About 14,000 state employees work some type of alternate schedule.
Governor Timothy M. Kaine today announced a telework initiative for gubernatorial appointees, which includes about 120 employees in the Cabinet and Governor's Office. Kaine also announced an improved state telework policy -- published late last week -- directing all state agencies to consider ways to improve and expand agency telework and alternate work schedule programs.
"Rising fuel prices, the escalating cost of commuting to work, worsening traffic congestion and reduced air quality compel a change in the business culture of state agencies," Kaine said. "Telework reduces energy consumption, both in the amount of gasoline used for daily commuting and in office building energy costs. This policy provides a timely opportunity to create a culture of conservation within the state workforce, which can serve as an example for Virginia businesses in the private sector."
More than four dozen employees of the Cabinet and Governor's Office have already started teleworking or utilizing alternative schedules for part of their work week. State telework programs require employees to sign an agreement with their supervisor that details the terms and conditions of an employee's work away from the central workplace.
Telework promotes general work efficiencies by permitting employees to work at alternate work locations for all or part of their work week. The American Electronics Association reported that a number of companies have also reported productivity gains. IBM reported a 10 to 20 percent increase among teleworkers. AT&T and Cisco Systems saw similar results. Teleworkers at American Express handled 26 percent more calls and produced 43 percent more business than office-based workers. Survey results attribute the gains to fewer distractions, time gained through reduced commutes, and a healthier life-work balance.
Telework also helps improve air quality, reduce traffic congestion, and reduce energy consumption, both in the amount of gasoline used for daily commuting and in office building energy costs.

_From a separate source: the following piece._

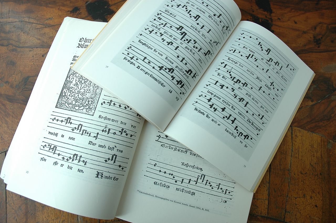 Abbildungen von Notenblättern aus der Deutschen Evangelischen Messe Thomas Müntzers, 1524. (Foto: Foto: Faksimile aus: Siegfried Bräuer [Hrsg.]: Thomas Müntzer – Deutsche Evangelische Messe und Karl Honemeyer: Thomas Müntzer und Martin Luther. )

For example, the Department of Taxation, which has 591 teleworking employees, estimates that more than 45,000 gallons of fuel are saved annually through its telework program. Nearly 23,000 state employees are eligible to telework based on the nature of their work. Approximately 5,000 state employees are already engaged in telework. Nearly 24,000 state employees are eligible to work an alternate schedule, including a 10-hour day, four-day work week. About 14,000 state employees work some type of alternate schedule.
Governor Kaine is also asking state agencies to work with their employees to encourage use of alternate transportation. A recent survey indicated 16,218 of Virginia's approximately 95,000 state employees use some form of alternate transportation - public transportation, van pools, car pools, even bicycles - to commute to work.
In September, 2006, Governor Kaine signed Executive Order 35, establishing the Office of Telework Promotion and Broadband Assistance reporting to the Secretary of Technology. The Governor called for 20 percent of eligible Virginia state workers to telework by 2010. By July, 2008, more than 22 percent of the eligible workforce participated in telework, exceeding the Governor's goal.
Through the initiative announced today, the Governor aims to increase the percentage of the eligible workforce teleworking even futher. To support agency implementation, the Office of Telework released a "Telework Roadmap" in February, 2008, as a comprehensive resource for both employees and managers. A copy is available at www.otpba.vi.virginia.gov.
The General Assembly this year codified the Office of Telework Promotion and Broadband Assistance in the office of the Secretary of Technology. The office is to encourage telework as a family-friendly, business-friendly public policy that promotes workplace efficiency and reduces strain on transportation infrastructure.